CF 39G - Inverse Function
We are given the source code of a tiny recursive function f(n) written in a heavily restricted subset of C++. The function only contains sequential if (...) return ...; statements and unconditional return ...; statements.
Rating: 2400
Tags: implementation
Solve time: 2m 2s
Verified: yes
Solution
Problem Understanding
We are given the source code of a tiny recursive function f(n) written in a heavily restricted subset of C++. The function only contains sequential if (...) return ...; statements and unconditional return ...; statements. Expressions may contain arithmetic, comparisons, and recursive calls to f.
The machine arithmetic is unusual. Addition, subtraction, and multiplication are performed modulo 32768, while division is ordinary integer division. Every valid input n lies in [0, 32767], and every function result also lies in that range.
The task is reversed from the usual direction. We are given a value y = f(n) and the function definition itself. We must recover the largest n such that f(n) = y. If no such n exists, we print -1.
The most intimidating part of the statement is the recursive syntax, but the actual input size completely changes the nature of the problem. The entire program text is at most 100 bytes. That means the parsed syntax tree is tiny. The domain size is also fixed at exactly 32768 possible inputs. Even evaluating the function separately for every possible n is realistic if each evaluation is efficient.
The recursive restriction is the key structural guarantee. Whenever we evaluate f(N), recursive calls may only use smaller arguments. This means the dependency graph is acyclic. We can safely compute all values from 0 upward using memoization or dynamic programming.
A careless implementation can silently fail in several places.
One common mistake is forgetting that multiplication is also modulo 32768.
For example:
return 200 * 200;
The mathematical result is 40000, but the function value is:
40000 mod 32768 = 7232
Using ordinary integer multiplication would produce completely wrong answers.
Another subtle issue is evaluation order for division.
Consider:
return 7 / 2 * 3;
Operations are evaluated left to right within the same precedence level. The result is:
(7 / 2) * 3 = 3 * 3 = 9
not:
7 / (2 * 3) = 1
A parser that ignores associativity will mis-evaluate many expressions.
Recursive calls also create traps if memoization is omitted.
Example:
if (n == 0) return 1;
return f(n - 1) + 1;
Without caching, evaluating all 32768 states recursively becomes quadratic. With memoization, each state is computed once.

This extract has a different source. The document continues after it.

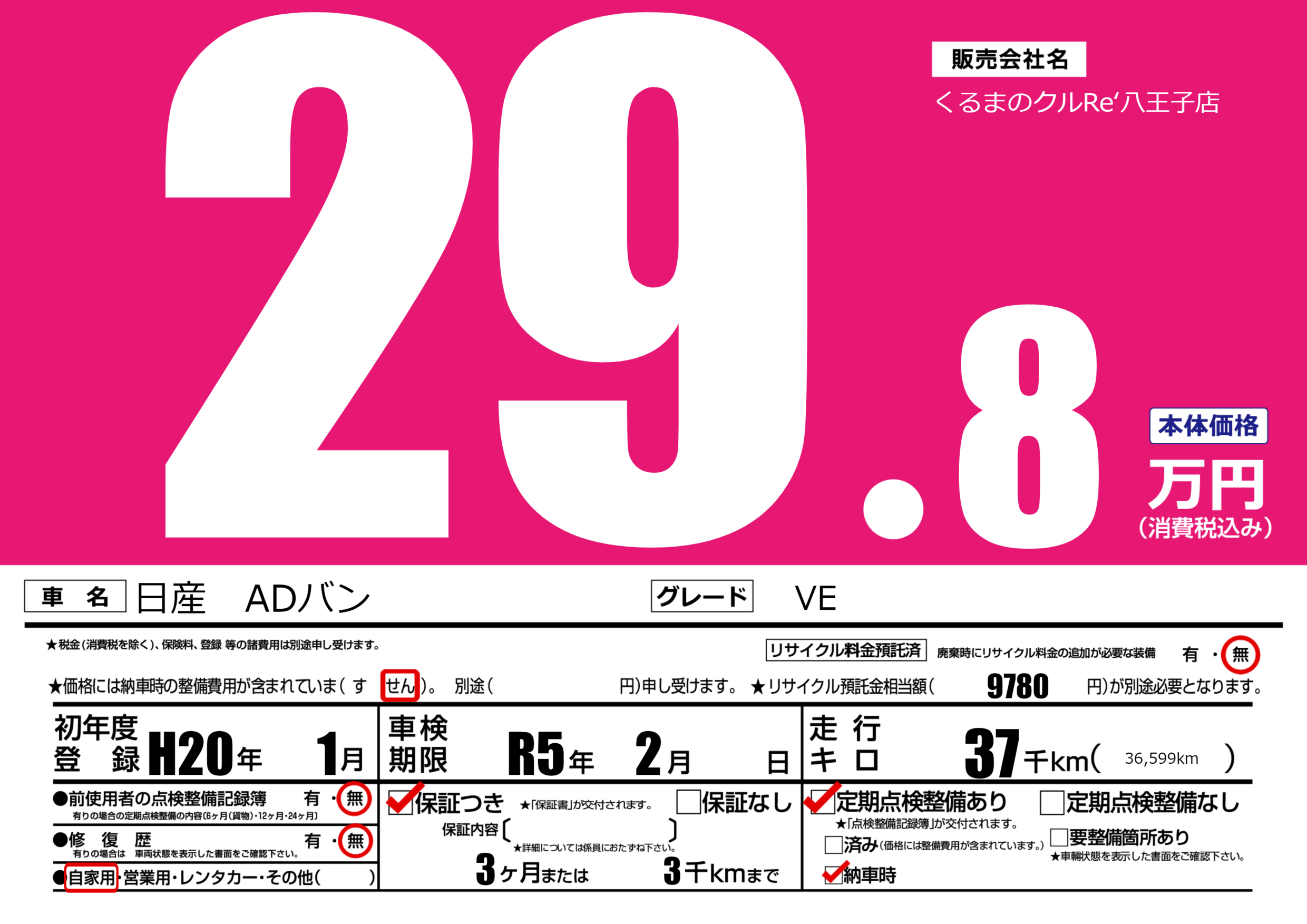 保証付き 保証内容(---) 3ヶ月または(3)千kmまで |

The final subtlety is the answer requirement. We need the maximum valid n, not the first one encountered.
Example:
if (n < 100) return 17;
return 17;
Every input maps to 17, so the answer is 32767. Stopping at the first match would incorrectly return 0.
Approaches
The direct brute-force idea is straightforward. Parse the function, then for every n from 0 to 32767, evaluate f(n) and compare it with the target value. Since recursive calls only go to smaller arguments, recursion terminates naturally.
This already sounds feasible because the domain size is only 32768. The problem is repeated recomputation. Suppose the function is:
return f(n - 1) + 1;
Evaluating f(30000) recursively recomputes almost the entire prefix every time. The total work becomes roughly:
1 + 2 + 3 + ... + 32768
which is about 5 * 10^8 evaluations, far too slow in Python.

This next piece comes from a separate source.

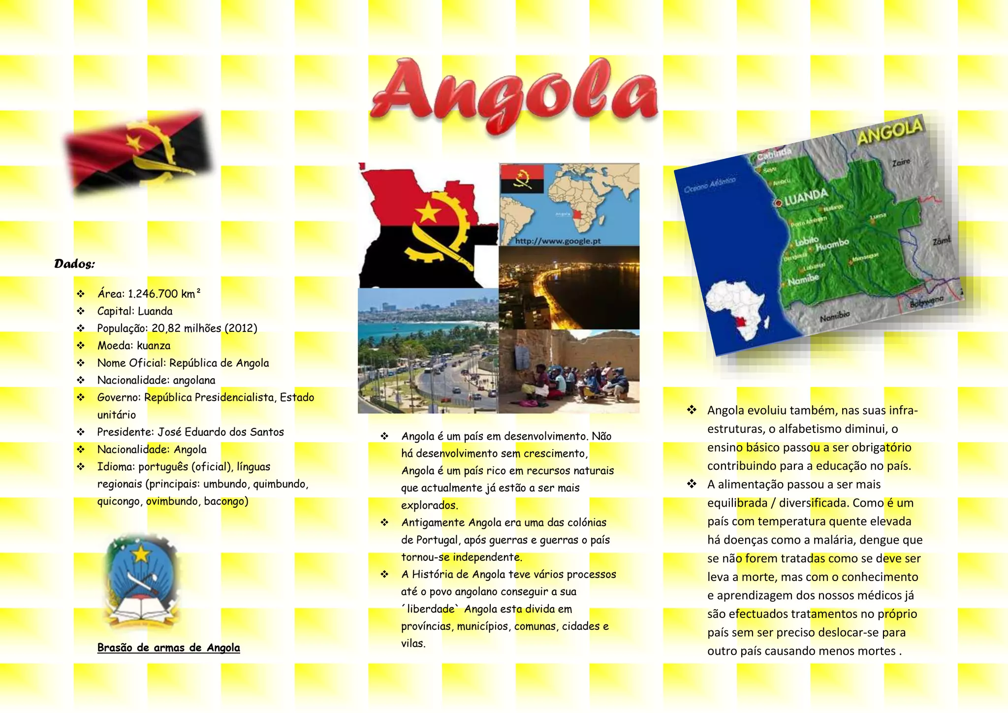 Angola, com uma área de 1.246.700 km² e população de 20,82 milhões, é uma república presidencialista em desenvolvimento, rica em recursos naturais. Após conquistar a independência de Portugal, o país tem progredido em educação e infraestruturas, embora enfrente desafios de saúde como malária e dengue. Apesar das melhorias, Angola ainda precisa aprender e evoluir em várias áreas para garantir um desenvolvimento sustentável.

The crucial observation is that the recursive dependency graph is strictly one-directional. Every state depends only on smaller states. That means each f(n) can be computed exactly once and reused forever.

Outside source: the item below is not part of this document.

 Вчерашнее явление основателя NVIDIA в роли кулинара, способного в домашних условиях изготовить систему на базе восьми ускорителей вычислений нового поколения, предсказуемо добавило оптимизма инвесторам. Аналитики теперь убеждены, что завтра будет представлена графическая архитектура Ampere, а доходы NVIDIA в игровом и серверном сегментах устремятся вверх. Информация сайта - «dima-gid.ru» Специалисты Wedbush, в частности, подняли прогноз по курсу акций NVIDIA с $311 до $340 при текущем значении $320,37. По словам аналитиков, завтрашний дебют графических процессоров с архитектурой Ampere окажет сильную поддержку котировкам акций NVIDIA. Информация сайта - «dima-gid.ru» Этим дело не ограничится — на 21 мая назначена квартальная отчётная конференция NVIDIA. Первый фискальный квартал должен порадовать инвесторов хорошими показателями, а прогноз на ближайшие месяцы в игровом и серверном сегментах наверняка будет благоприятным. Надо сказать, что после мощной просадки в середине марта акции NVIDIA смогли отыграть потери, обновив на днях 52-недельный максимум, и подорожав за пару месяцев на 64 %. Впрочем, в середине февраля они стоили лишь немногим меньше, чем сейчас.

After parsing the program into an abstract syntax tree, we evaluate values in increasing order of n. Whenever an expression needs f(x), the value for x has already been computed because x < n.
The syntax itself is small enough that a handwritten recursive-descent parser is ideal. The grammar already encodes precedence rules:
product before sum
left associativity inside each level
So we parse expressions exactly according to the grammar and evaluate them against the current n.
The brute-force works because the domain is tiny, but repeated recursive expansion makes it too expensive. Memoization transforms the recursion into a linear-time dynamic program over all 32768 states.
| Approach | Time Complexity | Space Complexity | Verdict |
|---|---|---|---|
| Brute Force without memoization | Exponential in worst recursive chains | O(recursion depth) | Too slow |
| Optimal memoized evaluation | O(32768 × program size) | O(32768) | Accepted |
Algorithm Walkthrough
- Read the target value and concatenate the remaining input into one string.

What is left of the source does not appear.